Where Heaven Begins
Page 24
His eyes shot open, and for an instant she caught a glimpse of the Clint Brady she’d met on the docks, angry, full of vengeance. He looked away then, saying nothing.
“Clint, we might need you. You decide whether or not to help Summer. I can’t make you do it.” She hurried into the bedroom, where Summer sat partially sitting, grasping her belly and groaning.
“It is coming fast…and now!” she lamented. “I can tell!”
Peter looked at Elizabeth with a pleading look. “I don’t know what to do!”
“Neither do I, but Clint said he helped deliver his son.”
Peter glanced at the doorway, then back to Elizabeth. “This could be very hard on him, Elizabeth. It’s the loss of his son that has been the hardest for him to deal with. Anything that reminds him of it—”
“I know. It’s his decision. I’ve told him so. Let’s just do what we can to keep Summer comfortable for now.”
The next several minutes were agony, physically for Summer and emotionally for Peter and Elizabeth, who put aside her modesty for the more important job of trying to help deliver her precious niece or nephew while hoping both mother and child would be all right.
God, why do You keep giving me such challenges? she secretly asked. Help me know what to do. Please make Clint get in here and help us!
“Clint, the baby is coming!” she yelled then when she was sure she could see a head emerging.
Summer screamed with the pain, and her whole body was drenched with sweat.
Another push. The head came out, but the baby’s face was purple.
“Clint!” Elizabeth yelled. “Something’s wrong!”
“Clint, please!” Peter yelled. “Something is wrapped around its neck!”
In the next second Clint was in the room. He walked around the other side of the bed and leaned closer. “Looks like the feeding cord! I saw a foal delivered this way once. It choked to death. Get a knife!”

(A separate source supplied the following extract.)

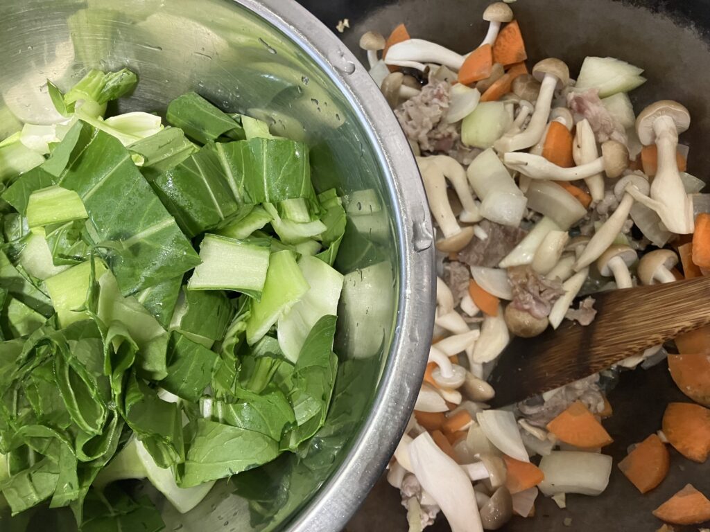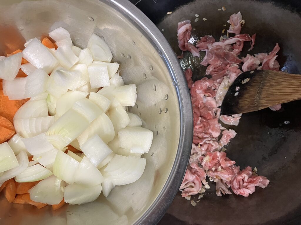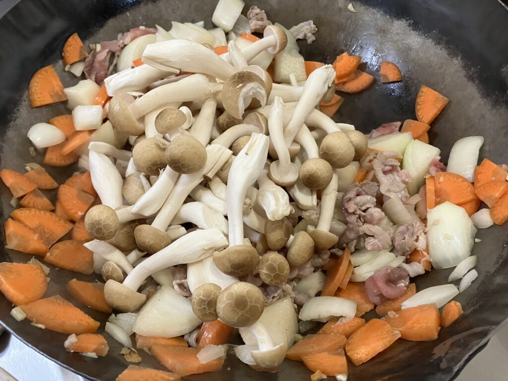 ①にんじんは薄めのいちょう切り、玉ねぎはひと口大、青梗菜は2㎝幅くらいに、生姜・にんにくはみじん切りに、豚肉は食べやすい大きさに切っておく。しめじは石づきを取ってほぐし、さっと洗う。(きのこは洗わなくてもいいという意見もあるので洗うか洗わないかはお好みで)

Peter ran out of the room, returning in seconds with a carving knife. Clint grabbed it and ordered Elizabeth to hold the lantern closer. He moved two fingers between the cord and the baby’s neck, then carefully slid the knife under the cord.
Elizabeth held her breath as Clint deftly cut the cord and pulled it away from the baby. “Once the baby is out we have to cut the cord near the baby’s belly and tie it off with something. Get some sewing thread,” he ordered Elizabeth.
To Elizabeth and Peter’s relief, the blue began to drain from the baby’s head, replaced by a pink hue.
“Thank you, Clint,” Peter said, tears in his eyes.
Elizabeth grabbed some thread from a sewing box, and in moments the baby was fully delivered. Clint cut the cord, and Elizabeth quickly tied thread around what was left of the cord still attached to the baby’s belly.
“You just leave it attached and after a couple of weeks it falls off by itself,” Clint explained.
If not for the seriousness of the situation, Elizabeth would have laughed over the clumsy efforts of the three of them. If she was lucky, she’d be delivering her own baby in another year or so…Clint’s baby. She could think of nothing more wonderful in spite of the pain she’d seen Summer suffer.
The woman lay quieter now. “What is it?” she asked.
Elizabeth quickly and instinctively dug membrane away from the baby’s nose and mouth and laid the child on a towel at the end of the bed. She looked up at Clint. “It’s a boy!” she said.
“Make it cry,” Clint said.
“What?”
“He’s not breathing.” He picked the baby up by its feet and began lightly smacking his back. The baby spat and coughed and broke into a loud, healthy wail.
Peter and Elizabeth both laughed and hugged each other.
“It’s a boy!” Peter told Summer. “Sweet Jesus, it’s a boy!” He kissed Summer. “Thank you, darling! You’re the most beautiful woman in the whole world!”
Clint laid the crying child on Summer’s chest and put the towel over him. He looked at Peter. “Massage her stomach and get the afterbirth. You’ll be able to tell when she’s rid of it. The doctor who tended to Jen after Ethan was born told me a woman could die of infection if you don’t get out all the afterbirth.” He turned to wash his hands with some of the hot water, then congratulated Peter. “I think it’s time I left the room. And by the way, your son won’t stop that howling until he’s had his first real food.”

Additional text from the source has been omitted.